* **Instructions for the task**: What is printed must match, line for line, the records from their first line through the line containing "Hiera는 ViT에 계층구조를", with pictures left out.

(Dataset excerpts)

□ □ □ □ □

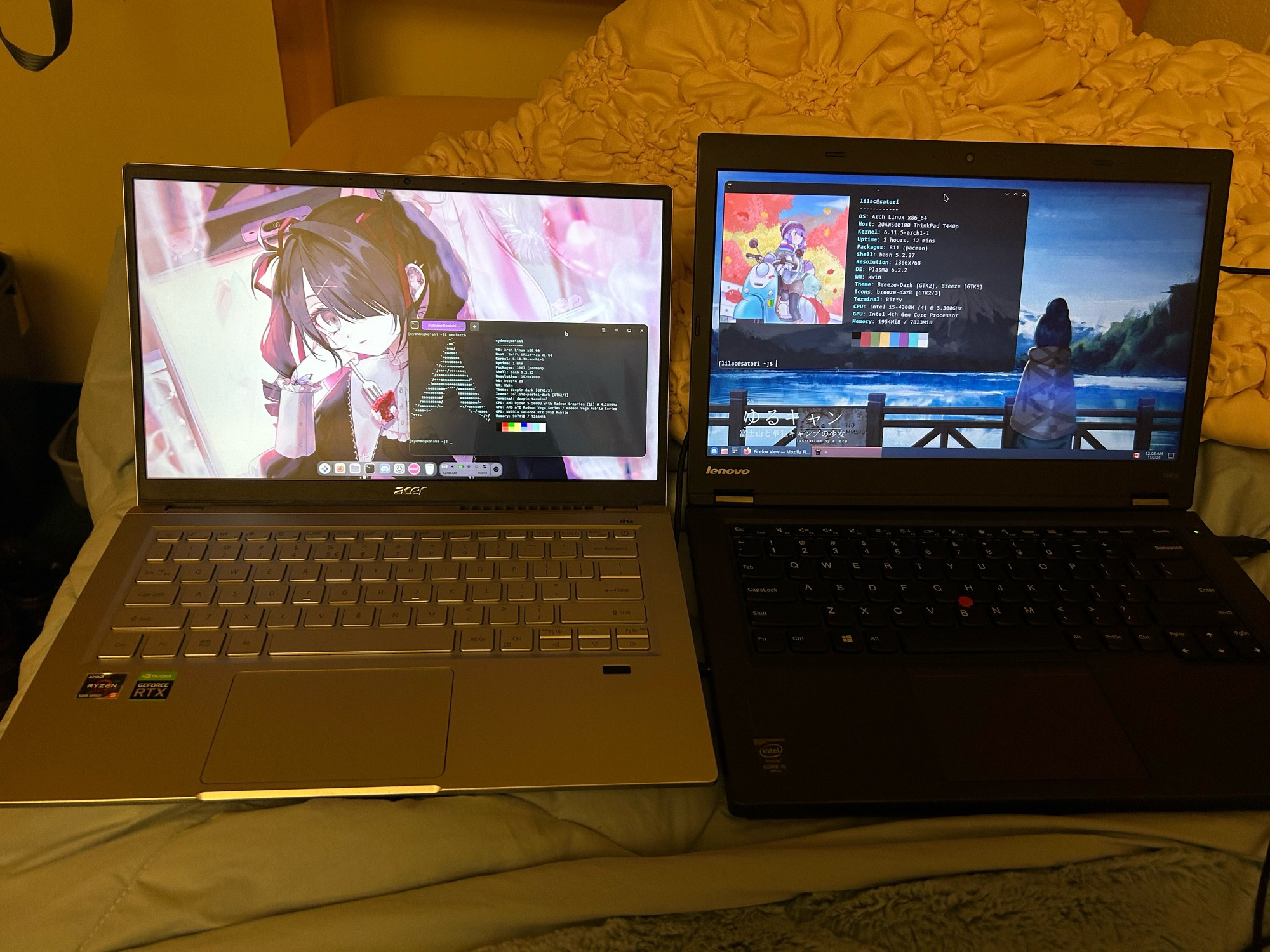 our computers, side by side~ mine is the thinkpad, sydney's is the acer swift :3
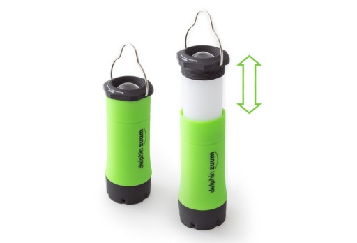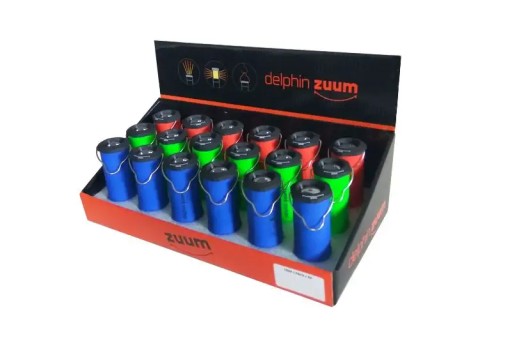 Podręczna latarka -lampka, która stanie się niezbędna podczas każdego wypadu nad wodę. Dzięki małym rozmiarom Delphin ZUUM jest bardzo poręczna a jej wielofunkcyjność sprawi, że stanie się niezastąpionym towarzyszem w warunkach słabego oświetlenia. Można jej używać jak klasycznej latarki, z wiązką światła świecącą prosto z obracającej się głowicy, a po przekręceniu górnej części i wysunięciu wewnętrznej, również jako lampki wolnostojącej lub wiszącej (dzięki wbudowanemu haczykowi). Ale to nie koniec jej możliwości. Lampka LED ma trzy tryby świecenia: światło jasne, światło przyciemnione i stroboskop. Wielofunkcyjna lampka ZUMM od firmy Delphin może zmieniać się z klasycznej podręcznej latarki w oświetlenie wiszące, oświetlenie namiotu, światło pozycyjne.. Lampka ZUUM jest wykonana z trwałego tworzywa w trzech kolorach do wyboru: zielona, pomarańczowa i niebieska.
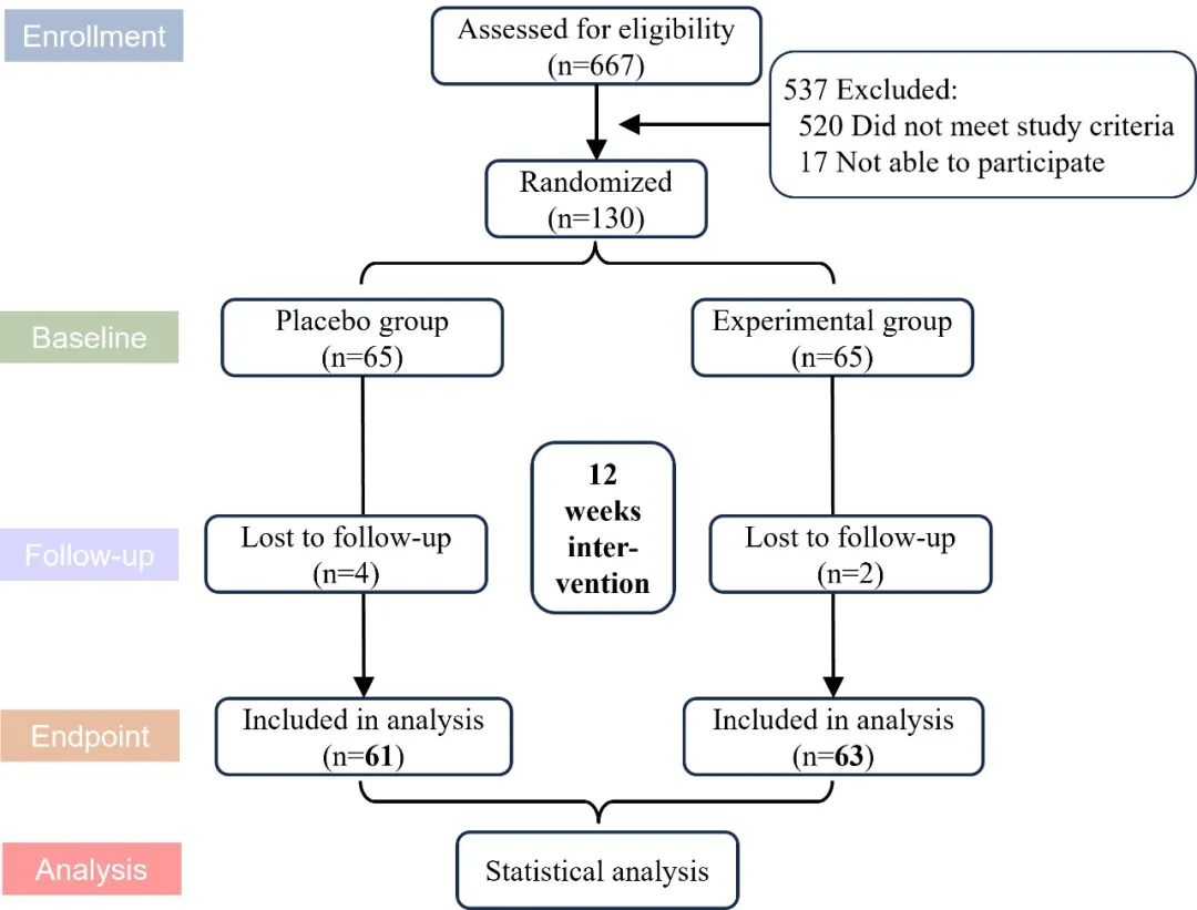 本研究纳入50-70岁被诊断为膝骨关节炎和肌少症的参与者。参与者被随机分配到植物双肽蛋白组或安慰剂组,分别在早餐和午餐后各服用一次,共持续12周。结果显示植物双肽蛋白组的SPPB(简易体能状况量表)、握力、骨骼肌质量指数、骨关节炎指数WOMAC、生活质量评估量表等指标相对于安慰剂组均有所改善。证明了植物双肽蛋白可以缓解伴随肌少症的患有轻度和中度膝骨关节炎的老年人的健康症状,并且这种改善可能归因于肌肉质量、力量和体能的增强。
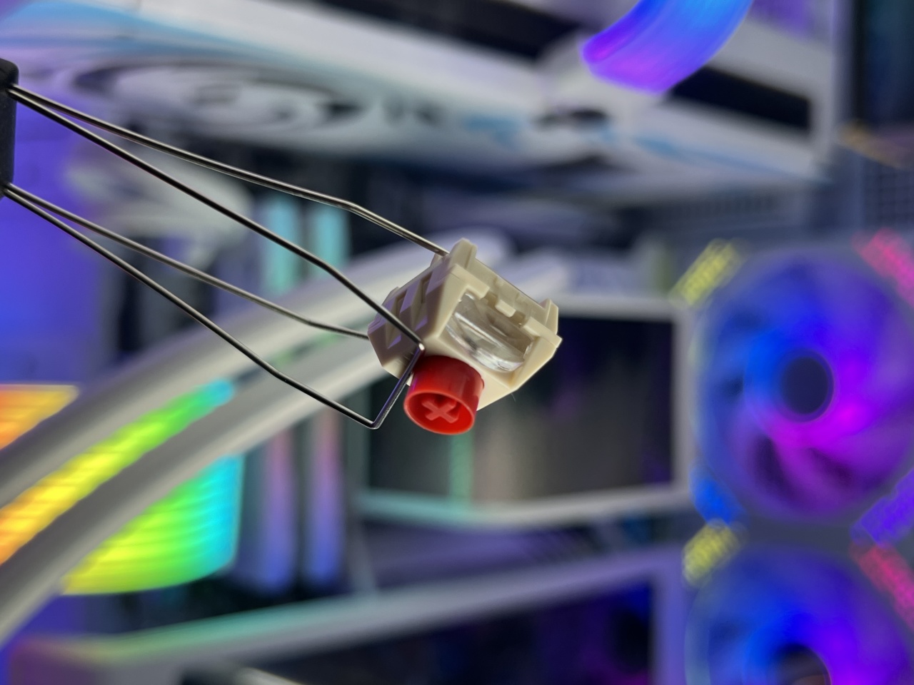 細看軸體,軸心有凱華的BOX防塵壁結構,弧形導光柱,整體還是很好看的一款軸體。
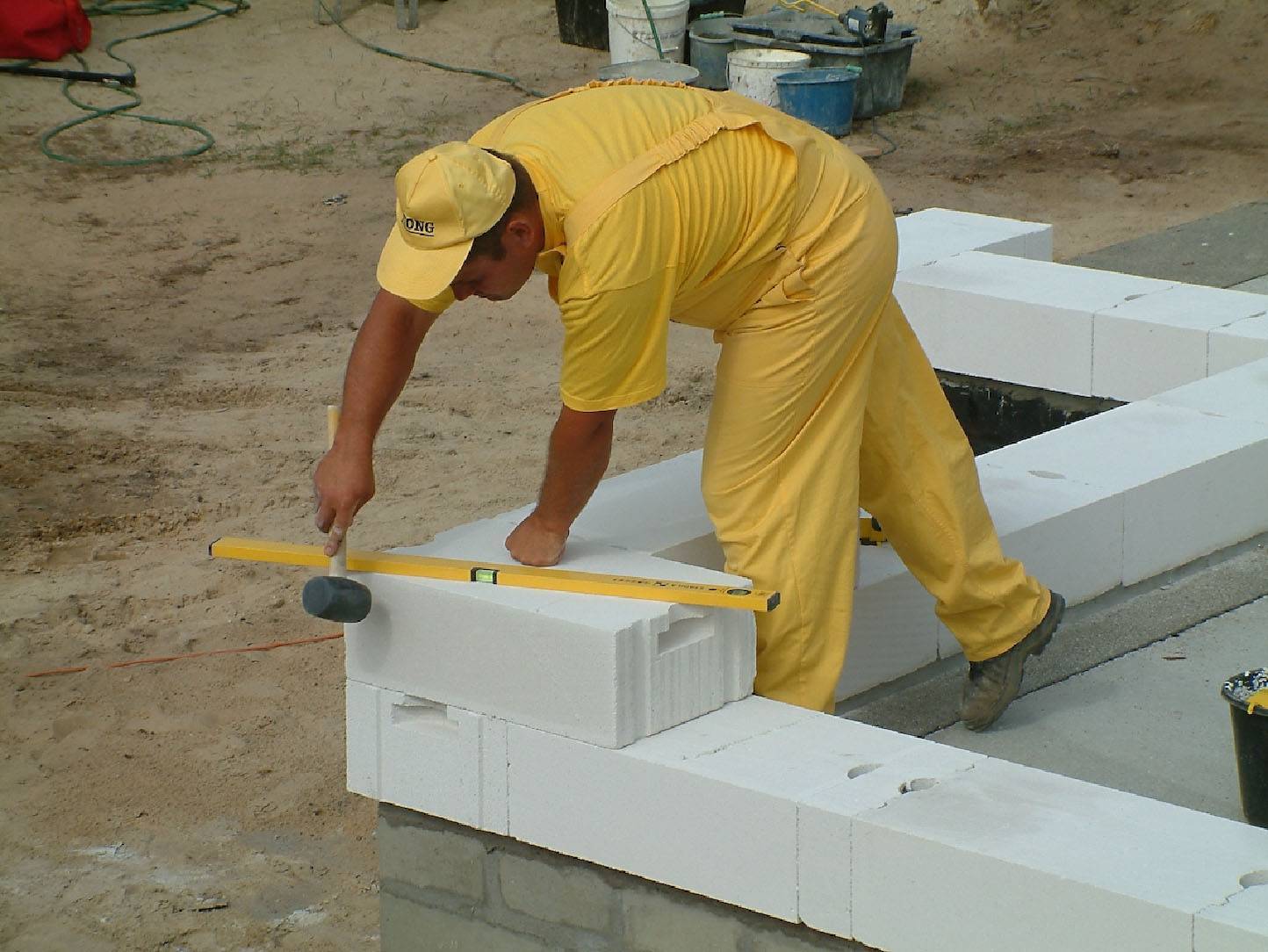 От качества кладки первого ряда газобетона зависит прочность и надежность стен. По углам фундамента устанавливаются блоки, которые будут служить маяками. Первый камень устанавливается в самой высокой точке. Между блоками протягивают шнуры для контроля укладываемого ряда. Горизонтальная и вертикальная плоскость элементов проверяются уровнем. Скорректировать расположение газобетонного блока помогает резиновая киянка.
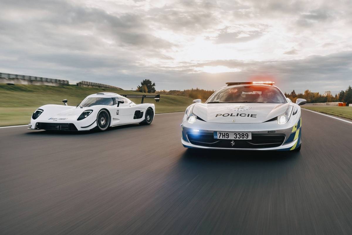 Ferrari při ukázce stíhání jiného auta.
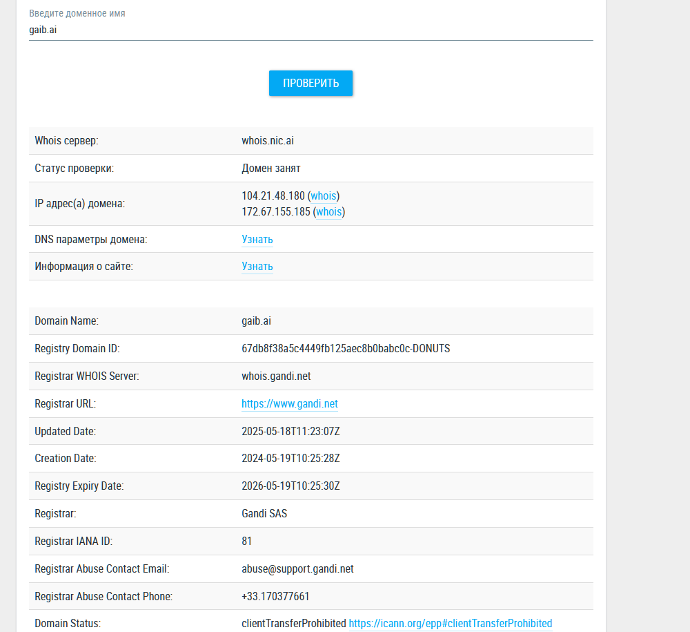 Компания разработчик имеет официальный сайт gaib.ai, но информация представлена только на английском языке. Сайт зарегистрирован в мае 2024 года. что совпадает с временем запуска токена.
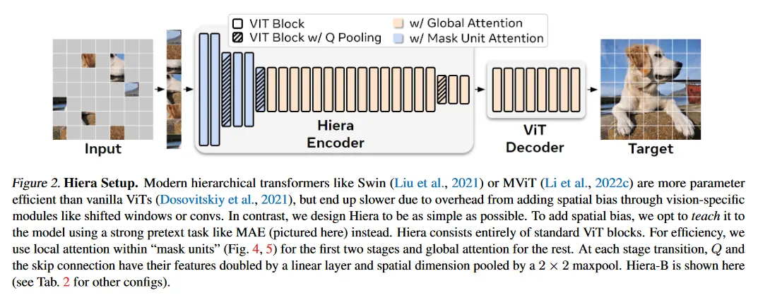 Hiera는 ViT에 계층구조를 도입한 Encoder를 의미한다. 이것은 ViT에 계층구조를 도입한 이전의 supervised 모델인 MViTv2를 self-supervised 형식으로 개선한 모델이다. self-supervised 방식으로 학습하기 때문에 MViTv2에 있던 여러 component들 중 불필요한 것들(pooling attention, conv 등)을 모두 제거할 수 있었고 그 결과 동일한 또는 더 우수한 성능을 발휘하면서 더 가볍고 빠른 모델이 되었다.
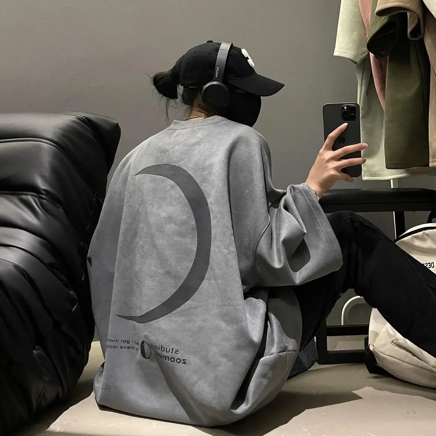 Dive into the world of alternative fashion with this oversized T-shirt for women. It perfectly embodies the boldness and originality of Korean street style. The top, made from soft, comfortable suede, captivates with its striking print that immediately catches the eye. The minimalist yet expressive design features a large circle accompanied by mysterious lettering, adding a touch of intrigue to your daily life. The loose, casual silhouette ensures unmatched wearing comfort while providing full freedom of movement, whether you're strolling through the city or enjoying a relaxed time at home. The olive green color of this T-shirt offers the versatility you need to pair it with a range of clothing, from your favorite jeans to a daring skirt for an outfit that stands out. Slip on this oversized, confident T-shirt to assert your passion for extraordinary fashion and stylishly distinguish yourself from the crowd.

□ □ □ □ □

* **Solution for this task**:
 our computers, side by side~ mine is the thinkpad, sydney's is the acer swift :3
 Podręczna latarka -lampka, która stanie się niezbędna podczas każdego wypadu nad wodę. Dzięki małym rozmiarom Delphin ZUUM jest bardzo poręczna a jej wielofunkcyjność sprawi, że stanie się niezastąpionym towarzyszem w warunkach słabego oświetlenia. Można jej używać jak klasycznej latarki, z wiązką światła świecącą prosto z obracającej się głowicy, a po przekręceniu górnej części i wysunięciu wewnętrznej, również jako lampki wolnostojącej lub wiszącej (dzięki wbudowanemu haczykowi). Ale to nie koniec jej możliwości. Lampka LED ma trzy tryby świecenia: światło jasne, światło przyciemnione i stroboskop. Wielofunkcyjna lampka ZUMM od firmy Delphin może zmieniać się z klasycznej podręcznej latarki w oświetlenie wiszące, oświetlenie namiotu, światło pozycyjne.. Lampka ZUUM jest wykonana z trwałego tworzywa w trzech kolorach do wyboru: zielona, pomarańczowa i niebieska.
 本研究纳入50-70岁被诊断为膝骨关节炎和肌少症的参与者。参与者被随机分配到植物双肽蛋白组或安慰剂组,分别在早餐和午餐后各服用一次,共持续12周。结果显示植物双肽蛋白组的SPPB(简易体能状况量表)、握力、骨骼肌质量指数、骨关节炎指数WOMAC、生活质量评估量表等指标相对于安慰剂组均有所改善。证明了植物双肽蛋白可以缓解伴随肌少症的患有轻度和中度膝骨关节炎的老年人的健康症状,并且这种改善可能归因于肌肉质量、力量和体能的增强。
 細看軸體,軸心有凱華的BOX防塵壁結構,弧形導光柱,整體還是很好看的一款軸體。
 От качества кладки первого ряда газобетона зависит прочность и надежность стен. По углам фундамента устанавливаются блоки, которые будут служить маяками. Первый камень устанавливается в самой высокой точке. Между блоками протягивают шнуры для контроля укладываемого ряда. Горизонтальная и вертикальная плоскость элементов проверяются уровнем. Скорректировать расположение газобетонного блока помогает резиновая киянка.
 Ferrari při ukázce stíhání jiného auta.
 Компания разработчик имеет официальный сайт gaib.ai, но информация представлена только на английском языке. Сайт зарегистрирован в мае 2024 года. что совпадает с временем запуска токена.
 Hiera는 ViT에 계층구조를 도입한 Encoder를 의미한다. 이것은 ViT에 계층구조를 도입한 이전의 supervised 모델인 MViTv2를 self-supervised 형식으로 개선한 모델이다. self-supervised 방식으로 학습하기 때문에 MViTv2에 있던 여러 component들 중 불필요한 것들(pooling attention, conv 등)을 모두 제거할 수 있었고 그 결과 동일한 또는 더 우수한 성능을 발휘하면서 더 가볍고 빠른 모델이 되었다.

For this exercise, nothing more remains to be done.